You can install a keylogger, but you can't use it to access another's communications (except for a child). You would be unlawfully monitoring another's communications. 
Do you believe you can record your wife's phone conversations because they take place on the family phone?
Can you open your neighbor's mail if the postal carrier accidentally delivers it to your mailbox?

Again, I'm not telling people what to do or what not to do. But I do think it's best people make these decisions with full knowledge of the potential consequences.
Is that bad?
_Posted via Mobile Device_


----------



## Thorburn (Nov 23, 2011)

FrankKissel said:


> Wait ....you're saying NOT spying is a form of insecurity? Hmmm.
> 
> Perhaps they've also been taught the values of respecting the law. It's not my place to tell people to spy or not spy, but I do find it sometimes troubling that so many here eagerly tell others to break the law (such as with VARs, keyloggers, GPS, hacking emails, etc.) without at least giving fair warning that they would be, you know, breaking the law.
> If that's what someone feels is necessary, they can certainly make that decision. But they should at least be aware of the potential consequences.
> _Posted via Mobile Device_


What I find here on TAM is that the typical advice is that if you are going to do these things check with an attorney. I did. I did not break the law when I put a GPS on my wife's car, or got passwords off her computer, or put a keylogger on her computer, etc. And to be honest, I would not have given a rat's as* if it was illegal.


----------



## me2pointoh (Jan 31, 2012)

that_girl said:


> We googled EAs and talked about them and he was SHOCKED. He said he had no idea that EAs existed...and how fine the line is between friendship and EAs. He was puzzled. He thought affairs were only sexual.
> 
> We talked a lot that night about EAs and the whole time, he was open to talking about it and then was a little sheepish. He said they only talked about work and her issues (which I believe beause he's private) but he said he didn't realize EAs existed. He liked her as a friend, but could see how more contact could cause more (this talk was 4 months ago) He really thought about it.
> 
> Whether or not he was in an EA is not my concern. My concern was even though he truly believed they were just friends (hubs has always had female friends), I wanted him to know what an EA was. I trusted him but did NOT trust her. At all. I guess he saw the problems in their conversating and nipped it.

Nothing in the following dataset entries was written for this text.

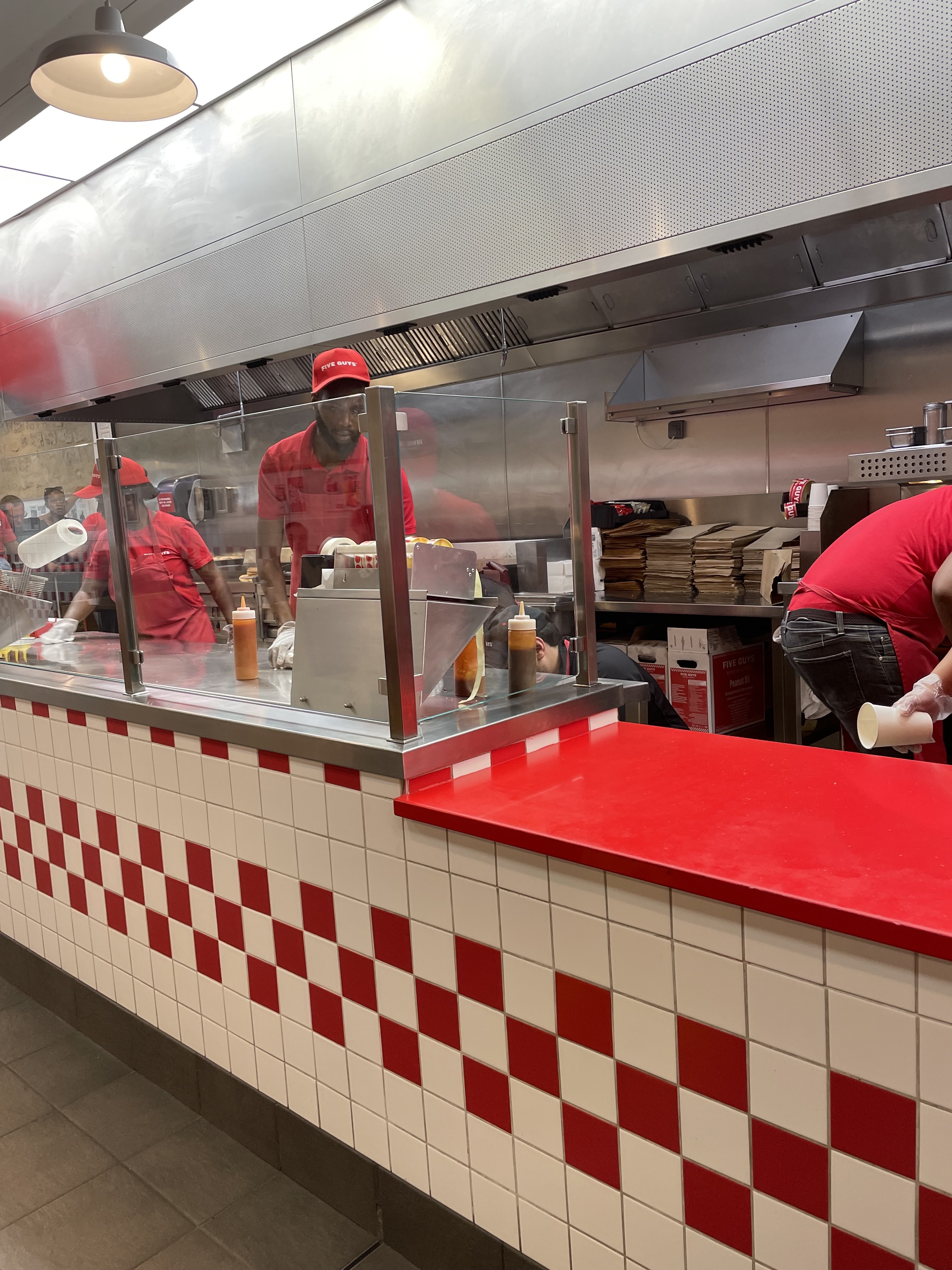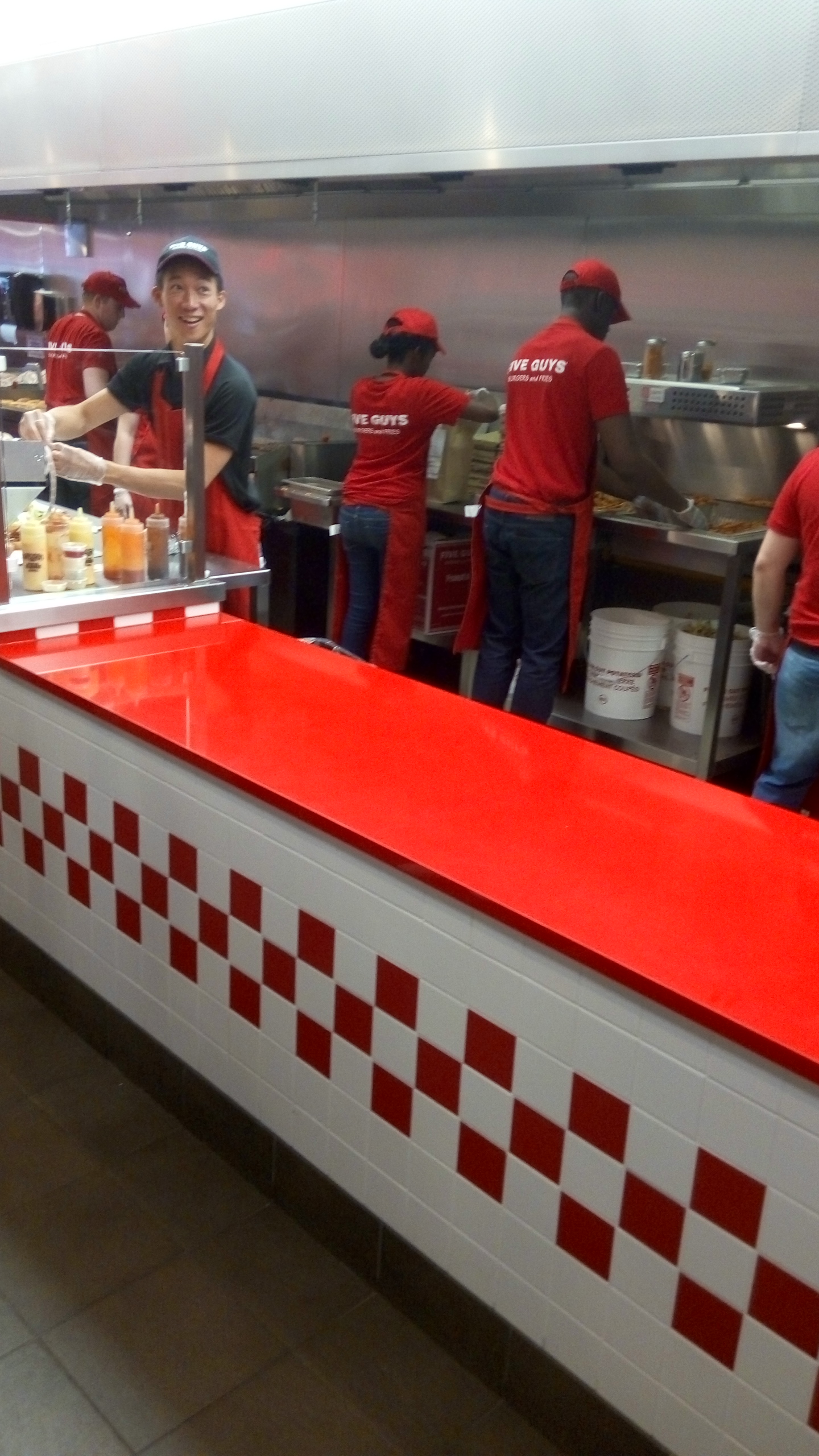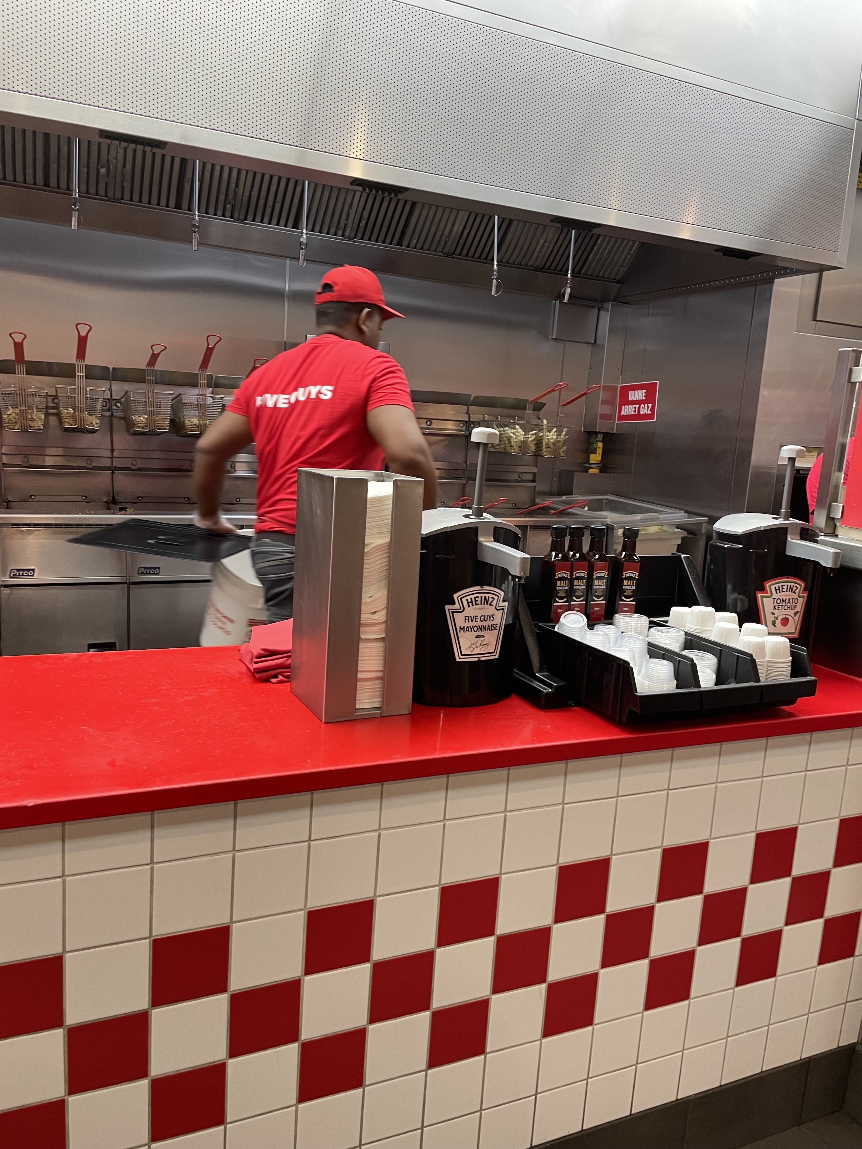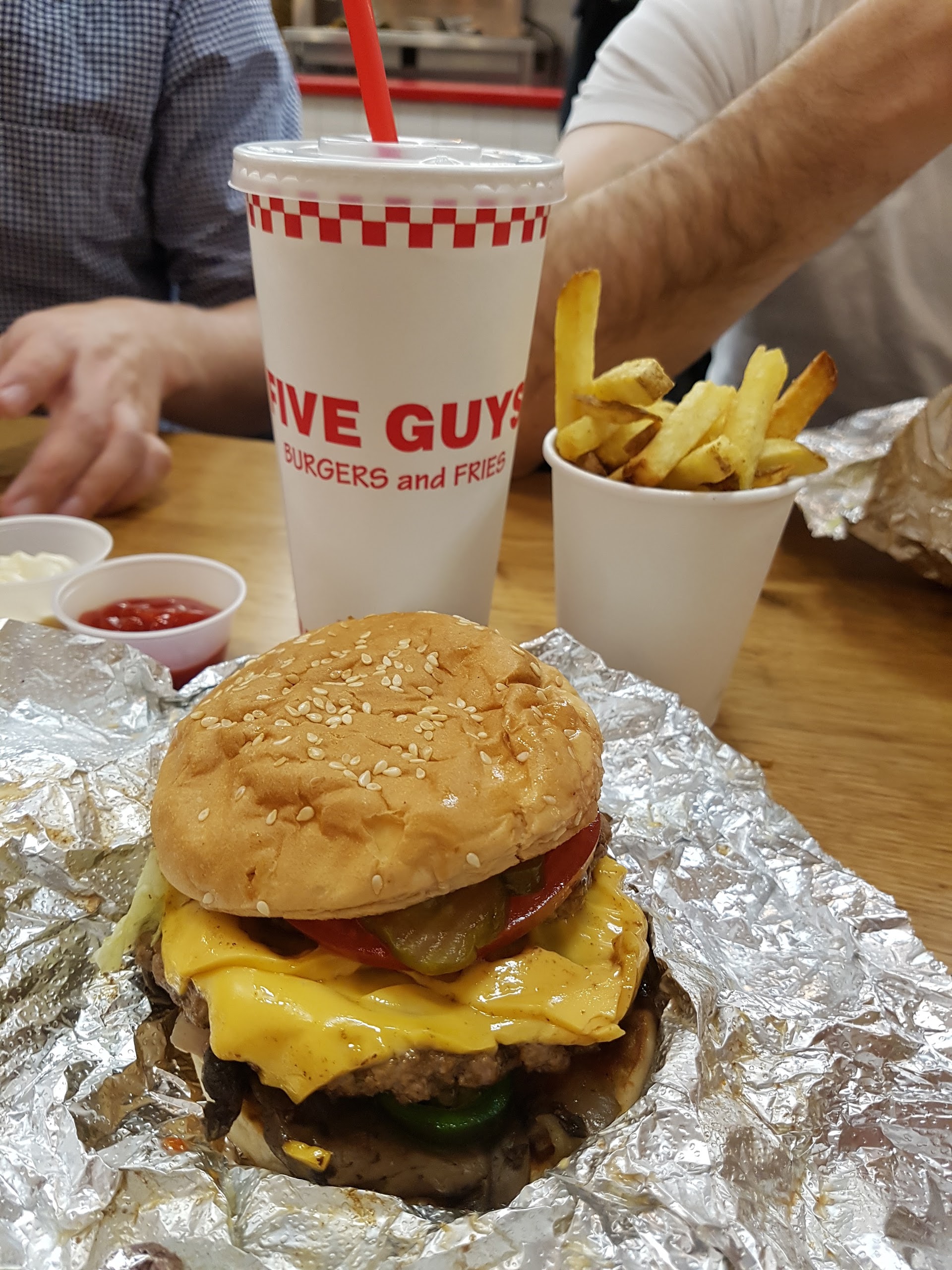 Super ce five guys ! on adore les frites maison et les Burgers préparé sous vos yeux 🍔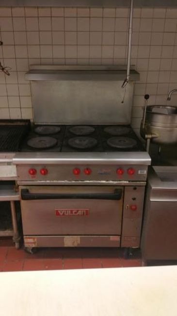 Vulcan 6 Burner Electric Range with Bakers Oven Rigging Cost: $100 There will be no rigging fees charged or collected on any hand carryable items removed by Saturday 7/29.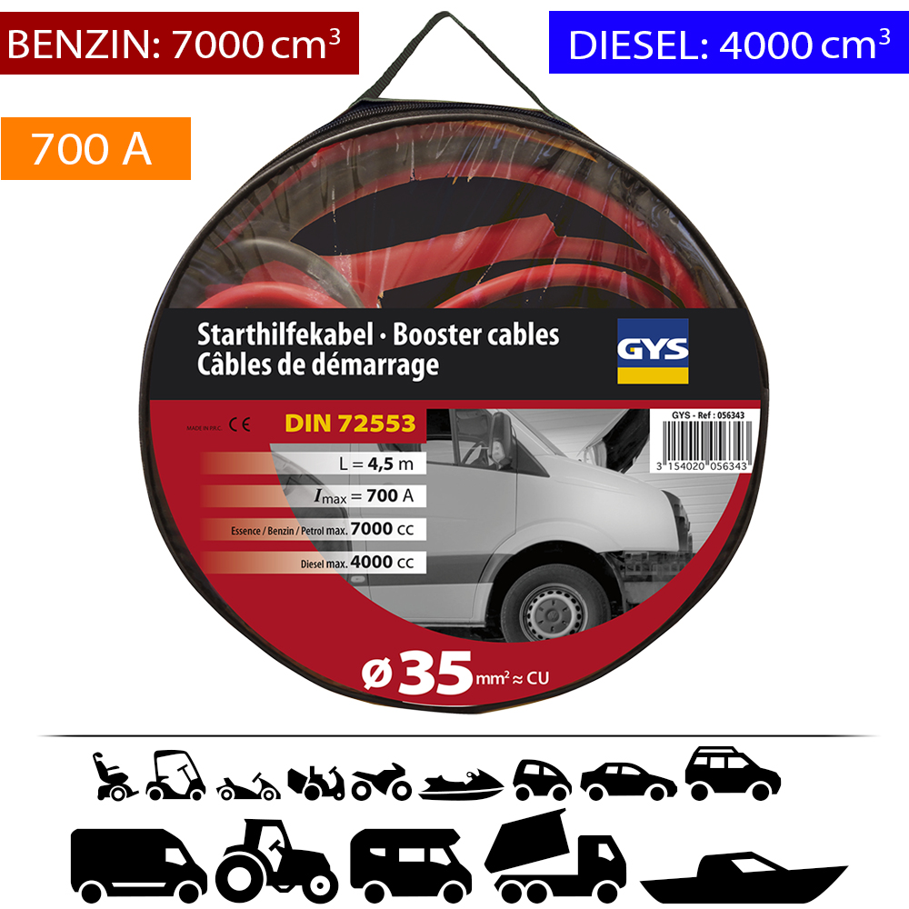 A GYS hosszú és ellenálló indítókábelt hordtáskával szállítjuk, így könnyen szállítható és praktikusan tárolható.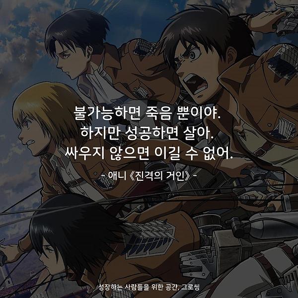 애니 명대사 불가능하면 죽음 뿐이야. 하지만 성공하면 살아. 싸우지 않으면 이길 수 없어. 불가능하면 죽음 뿐이야. 하지만 성공하면 살아. 싸우지 않으면 이길 수 없어. - 애니 《진격의 거인》 - 그로씽 바로가기 진격의 거인 아라키 테츠로 100여년 전, 갑자기 나타난 거인들에 의해 멸종 위기에 처한 인류는 살아남기 위해 50m의 거대한 벽을 쌓고 그 안에서 숨죽이며 살아가고 있었다. 그런데 어느 날, 초대형 거인의 등장으로 벽은 무너지고, 거인들이 벽 안으로 들어와 사람들을 잡아먹기 시작하는데. 절규와 죽음으로 가득한 절망적인 상황에서 거인에게 소중한 사람들을 빼앗긴 엘런은 복수를 맹세한다. 영화정보 보기 -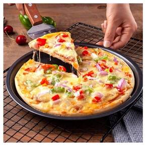 DESCRIÇÃO DO PRODUTO Molde Para Pizzas de 29cm - Bandeja antiaderente - Ideal para pizza - Molde para hornear - Não contém substâncias nocivas. - Superficie lisa - Resistencia a altas temperaturas, alta dureza, não se oxida. - Material de alta durabilidade - Diâmetro: 29 - Altura: 2cm - 1 unidade SOMOS ARCASHOPPING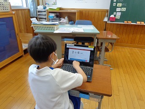 ・1年算数、タブレットで計算の繰り返し練習をしています。

This was really good. My h did not want to buy that his friendship was any kind of A - couldn't be if it wasn't PA. Eventually he came around. We are reading "Not Just Friends" together also and he's finding it painful to come to terms with the fact that the story unfolding was so... clearly textbook typical. The development of their friendship, going to her for marriage talk (advice? comfort?), conspiring to keep a secret from me (he says that's when he knew it was wrong), hysterical bonding, and the fog.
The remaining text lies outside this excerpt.